If the covenant is changed to say, “I will make best efforts to play the violin in tune,” then I might be required to keep my violin in good shape, practice many hours a day, take any lessons necessary from the best available teacher, and purchase any equipment necessary, regardless of the time commitment or cost or adverse consequences to my job, family, or health.  However, as long as I make that high level of effort, if I still do not succeed in playing the violin in tune, I will not have breached my covenant to “make best efforts to play the violin in tune.”

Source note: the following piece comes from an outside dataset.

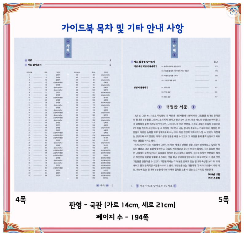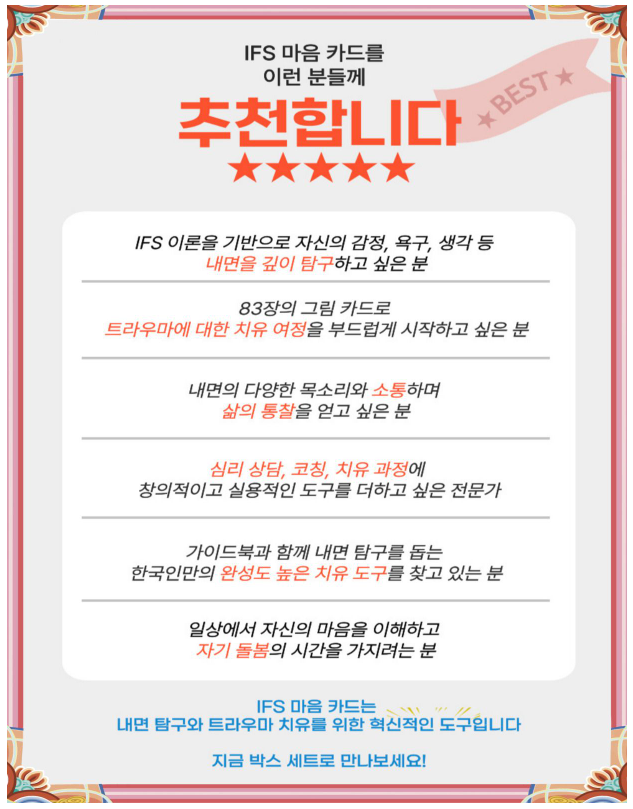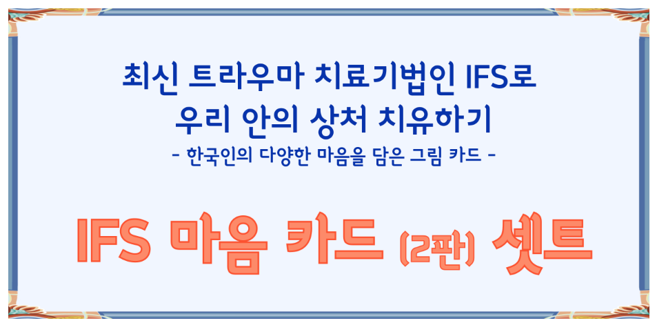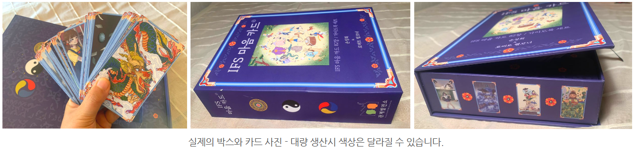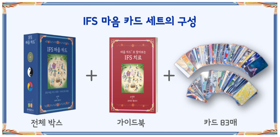 그러한 IFS치료를 쉽게 이해하고 적용할 수 있는 IFS 마음 카드와 가이드북, 박스 세트입니다.

However, maybe I don’t want to have to give my all to playing the violin in tune.  In that case, I might ask that the covenant read “I will make reasonable efforts to play the violin in tune,” which doesn’t require as much effort be expended as best efforts.  “Reasonable efforts” still would require that I keep my violin in good shape, practice every day, and possibly, take lessons and purchase some equipment, but it would not require that I give up my job and family life and go bankrupt in order to play the violin in tune.

“Commercially reasonable efforts” is a newer term.  If I say, “I will use commercially reasonable efforts to play the violin in tune,” then most attorneys would say that adds an element of economic reasonableness and business practices given the circumstances into the mix.  Therefore, if, for instance, the typical violinist practiced two hours a day and had one lesson per week and used only an iPhone app as a tuner, rather than a fancy standalone one, I should be considered to be complying with my covenant to use “commercially reasonable efforts” if I do what the typical violinist would do.

So, just as a D-flat and a C-sharp aren’t the same note on a violin, “best efforts,” “reasonable efforts,” “commercially reasonable efforts,” and silence as to efforts don’t mean the same thing in contract covenants.  Just as violinists must adjust their tuning to the circumstances, contracting parties should the level of effort required to comply with covenants be adjusted in contracts to the circumstances involved.


[1]   Originally, violin strings were made of sheep gut, and violins also were tuned to a lower (flatter) A than they currently are. As tuning changed and increased tension were placed on the strings and technical demands on violinists increased, violinists started wrapping the gut strings in metal.  Eventually, the smallest string, the e string, (which has to be quite thin to produce the required pitch and therefore, tended to break when it was made of sheep gut), transitioned to an all-metal e-string.  Although there were experiments with all metal and metal core strings, metal-wrapped gut strings remained the gold standard until the 1990’s when synthetic core strings were accepted as producing a sound comparable to gut strings with more reliability. As an early adopter of technological advancements, I am proud to say that I started using synthetic core strings in the early 1980’s.

[2]  Violin tuning is based upon acoustical physics, such that the length of the string is changed so that it produces certain wave lengths when played. In untempered tuning, a C in the key of C major might not be the same as a C in the key of D-flat major. This untempered tuning, proved to be a challenge for keyboard players, because they had to retune their entire instruments in order to play in different keys. Therefore, in the 18th century, tempered tuning, where the sizes of intervals between notes is modified slightly so that it sounds close to in tune in every key was adopted for keyboard instruments.  The method, famously taken advantage of by Johann Sebastian Bach’s Well-Tempered Clavier, now is commonly used by violinists when playing with keyboard instruments.  However, an advanced violinist still will use untempered tuning when playing unaccompanied pieces or when playing chamber music with other string players.